Ve her ne hikmetse etkili bir yönetici televizyona çıkıyor, Quaresma'nın geçmişte, bir malzemecinin üzerine çişini yaptığı, hatta tesislerde çıplak dolaştığı yönündeki iddialara, "Evet, ben de duydum" diyor.
Peki, kardeşim bu işlerin duyumla olmayacağını bilmiyor mu o sevgili yöneticimiz! Tabi ki olayın geçmişte olduğunu da söylemeden geçemiyor!
Ayıptır, ayıp!
Doğru mu, değil mi, insan bir araştırır.
At çamuru izi kalsın, misali...
Kaldı ki Quaresma'nın böyle bir şey yaptığına da kimse bizi inandıramaz. Yapsaydı, bugüne kadar kokusu çoktan çıkardı!
İşin perde arkası farklı... Quaresma'yı itibarsızlaştırmak, taraftar ve kamuoyu önünde küçük düşürmek.
Ayıptır, ayıp...
Ne yani Quaresma 2.5 milyon euroya inseydi, ahlaklı mı olacaktı?
Bütün bu çirkin senaryolar sizin istediğini rakama inmediği için mi yazılıyor?
Valla kusura kalmayın, ama böylesi ucuz yöntemler, Beşiktaş duruşuna hiç mi hiç yakışmıyor!
Bir futbolcu krizini dahi yönetemiyorsunuz.

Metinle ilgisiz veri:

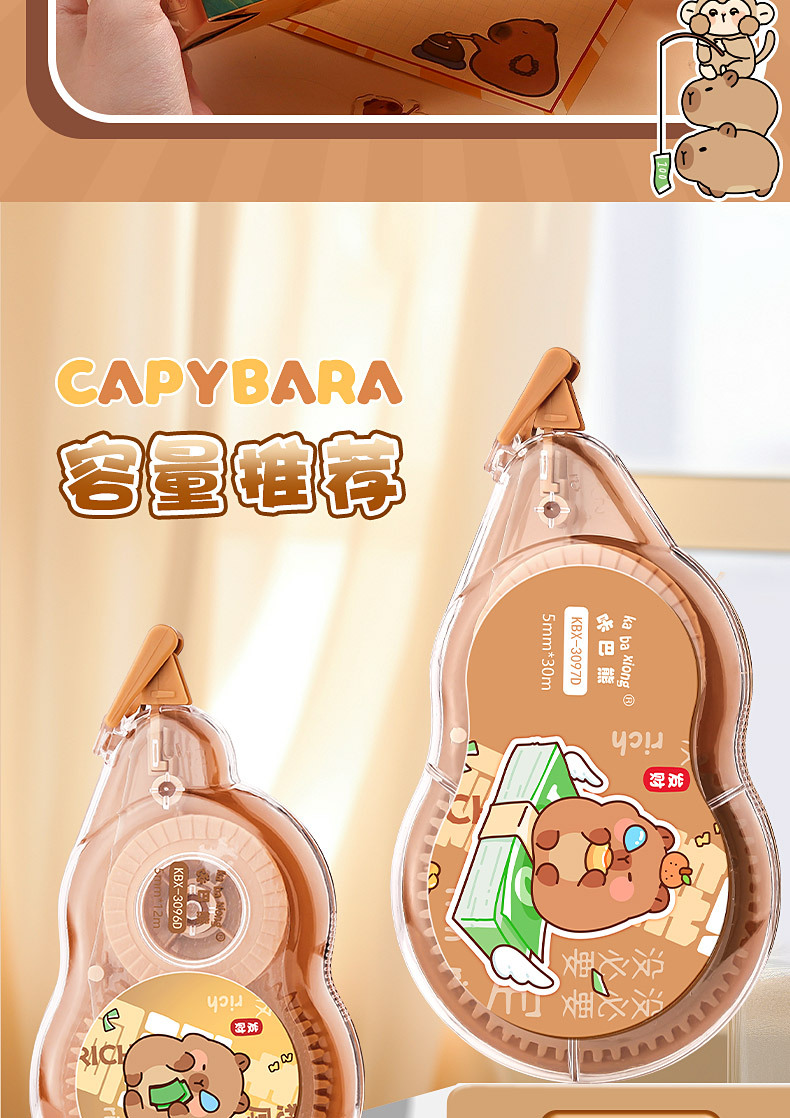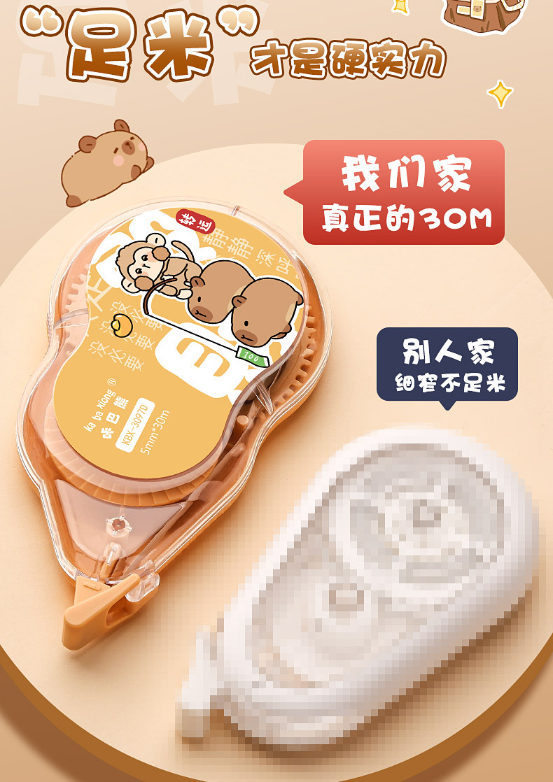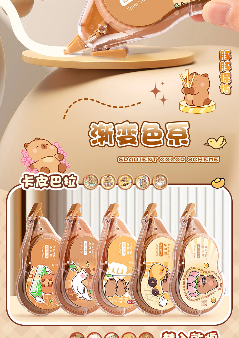 开学季福利!【中国风修正带】咔巴熊大容量渐变色系修正带涂改带学生专用改字修改带改正带便携式盒装
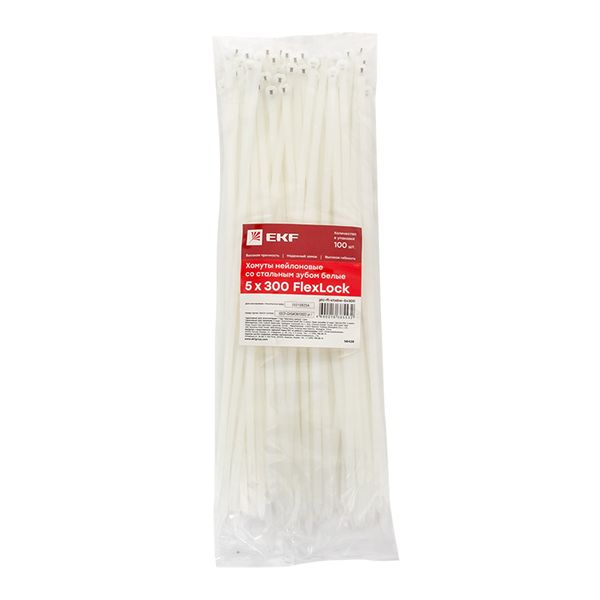 Хомут нейлоновый со стальным зубом (б), 5x300 (100шт) EKF PROxima

Bakın beyler, bu adam kimseye silah dayamadı, para konusunda... Neticede ortada bir akit var, bu aktin gereğini yerine getirmeye mecbursunuz.
Öyle ucuz yöntemlerle güya Quaresma'yı bıktırıp, gideceğini düşünüyorsanız, yanılırsınız?
Bunun en doğru yöntemi şudur, 'Gel arkadaş, al şu 2 milyonu, ya da biraz daha üstünü, sen sağ biz selamet" der, tokalaşır, veda edersiniz.
Yoksa adam takır takır parasını alır.
Vermezseniz, ikinci bir Ferrari olayı ile karşı karşıya kalırsınız!
Bizden hatırlatması, gerisi size kalmış.